Denial about the costs of and the threats posed by sea level rise is not exclusive to the average homeowner. In 2012, the North Carolina legislature passed a measure forbidding the adoption of any “rule, policy, or planning guideline that defines a rate of sea-level change for regulatory purposes” after scientists from the state’s Coastal Resources Commission issued a report estimating a century-long sea level rise of 39 inches.
In 2015, the Miami Herald reported that former Gov. Rick Scott prohibited the state’s Department of Environmental Protection officials from using the terms “climate change” and “global warming” in any public or even interagency communications.
Rhode Island policymakers seeking regulatory changes to ensure resilient building and the tax dollars to protect infrastructure and their property tax base know that public understanding is critical to building political support for difficult decisions. The second recommendation of that 2016 House commission considering flooding’s economic risk was: “Increase statewide awareness.” The commission acknowledged the ignorance of many policy makers and recommended mandatory climate, flooding, and sea level rise training for local planning commissions, zoning boards, and Realtors and disseminating CRMC’s flood risk information.
Belief in the impact of sea level rise is starting to affect new housing construction. A study co-authored by Lint Barrage, an assistant professor of economics at the University of California Santa Barbara, found that in locales where there is widespread belief in the threat of sea level rise, there is significantly less new housing construction in counties with more sea level rise exposure.

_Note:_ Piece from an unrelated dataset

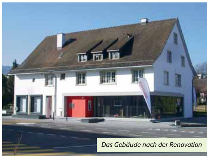
Das Gebäude nach der Renovation

South Kingstown Realtor Will Litvin expects coastal resiliency to increasingly become an issue.
“I had a buyer considering a property in Jerusalem [in Narragansett] who did a good deal of due diligence, and because of the flood risk and the financials that come with it, he is not pursuing that property,” says Litvin, owner and broker of Lighthouse Real Estate Group. “I think when you have a ready, able, and willing buyer who is educated [and] makes a conscious decision not to go forward, how can that not affect things?”
Still, not all buyers—or owners—are that savvy.

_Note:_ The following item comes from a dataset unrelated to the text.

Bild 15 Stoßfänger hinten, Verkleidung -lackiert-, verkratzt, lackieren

“There’s only so much waterfront, there’s only so much water-view property—that’s the premier demand,” says Joyal, whose clients determined to own a beachfront vacation home don’t really factor in flood risks.
Another study Barrage co-authored with University of Arizona public policy researcher Laura Bakkensen on the intersection between actual flood risk and the average person’s perception of that risk bears that out. The pair studied home price data, conducted a door-to-door survey of residents in flood zones, and used a quantitative coastal housing market model to project coastal home prices across the belief of flood risk and different policy scenarios. They found that residents who live in flood zones appeared to be far less worried about flood damage than those who did not, and an estimated 70% thought that their flood risk was actually below what the inundation model projected.
“If we start slowly, we can spread the pain of transition. If we keep delaying it, you risk these sudden devaluations,” Barrage says. “Beliefs are critical for adaptation to sea level rise. We know we can reduce the overall economic cost if we adapt and look ahead.”